The National Security Agency nearly tripled its collection of phone records between 2016 and 2017, according to a new report.

In its newly released Statistical Transparency Report for 2017, the Office of the Director of National Intelligence divulged that the NSA collected 534,396,285 call detail records in its repositories, up from 151,230,968 in 2016.

Collection of phone records is not tantamount to wiretapping, the report pointed out. A call detail record includes only information like a phone number, calling card number, the time of day a call was made and the duration of a call.

"[Call detail records] provided to the government do not include the content of any communication, the name, address, or financial information of a subscriber or customer, or cell site location or global positioning system information," the report explained.

Additionally, the report warned that the 534,396,285 statistic is at least partially inflated because the government is unable to parse out duplicate records that they received about the same call from different providers, for example. The figure also includes foreign numbers in addition to domestic ones.

"Conveying that context clearly and understandably is a difficult challenge, given how complicated these authorities are.

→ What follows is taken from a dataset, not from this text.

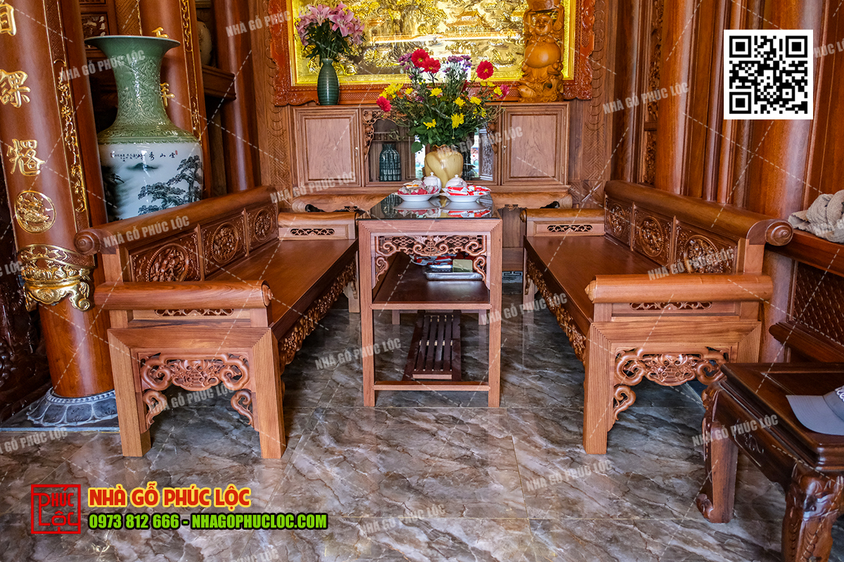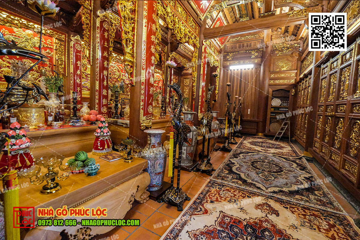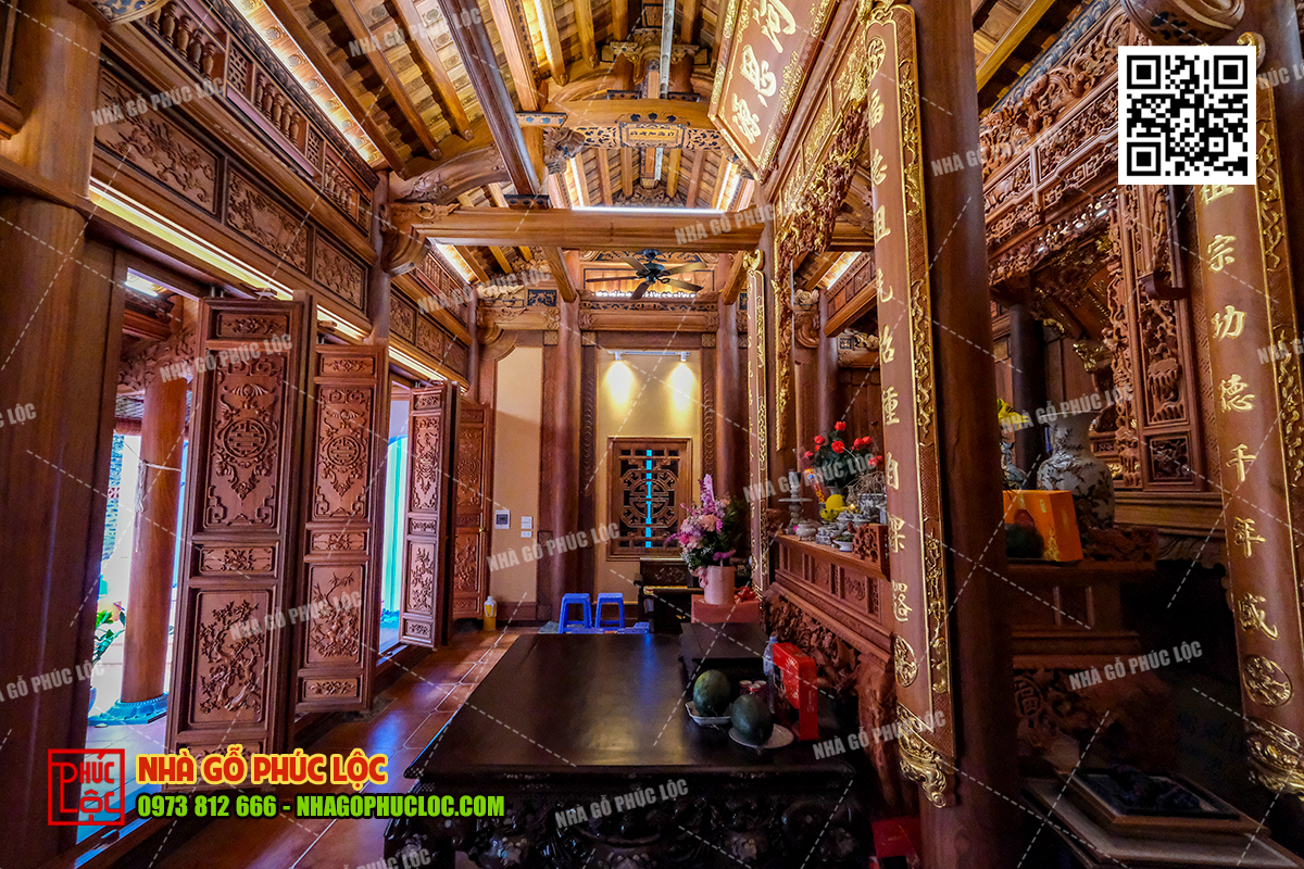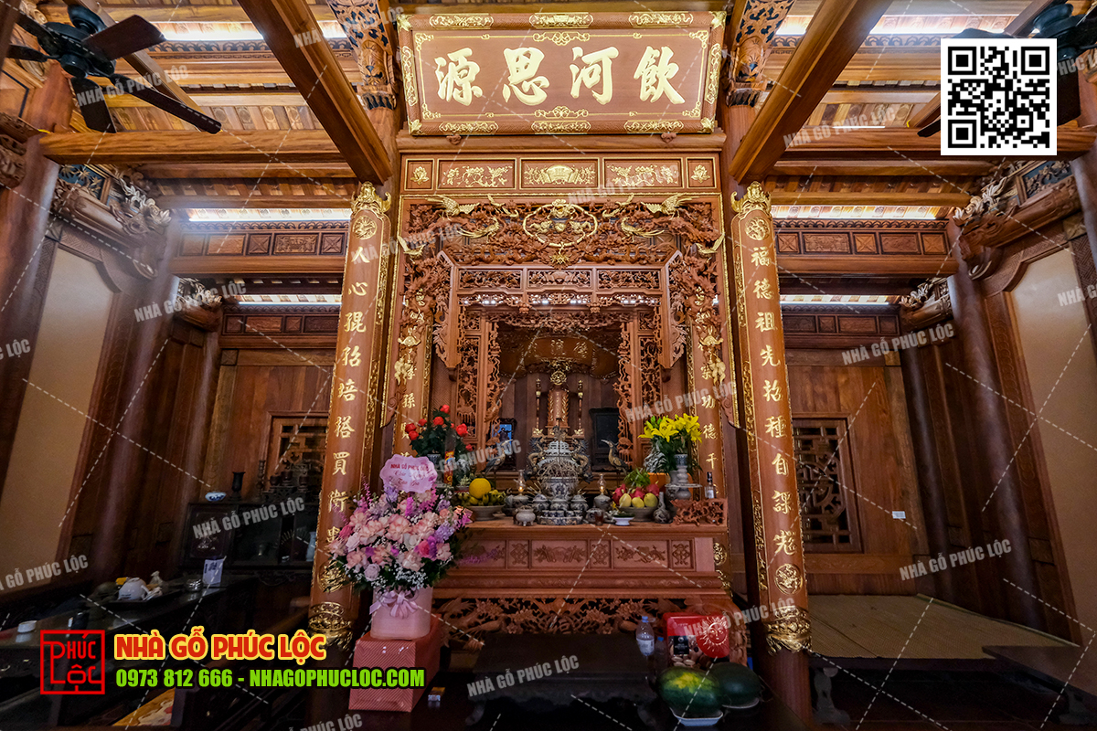 Theo đó, khu vực thờ cúng gia tiên sẽ được bố trí ở gian giữa của nhà gỗ 3 gian. Đây là không gian trang trọng nhất, thể hiện lòng tôn kính và sự hiếu thảo của con cháu đối với tổ tiên. Trong không gian này, có bố trí cửa võng, cuốn thư, câu đối, án gian. Ngoài ra, nội thất nhà gỗ 3 gian có thể thêm các vật phẩm như: lộc bình, hạc chầu đỉnh đồng,… tùy thuộc vào mong muốn của gia chủ..

Each year, we try to find ways to improve clarity, and to lean forward in providing information that will give meaning to these numbers," Alex Joel, head of the Office of the Director of National Intelligence's Office of Civil Liberties, Privacy, and Transparency, said in a news release.

Despite the 2017 spike, the collection of phone records is down substantially since 2013, when classified documents leaked by contractor Edward Snowden exposed the breadth of the NSA's surveillance programs.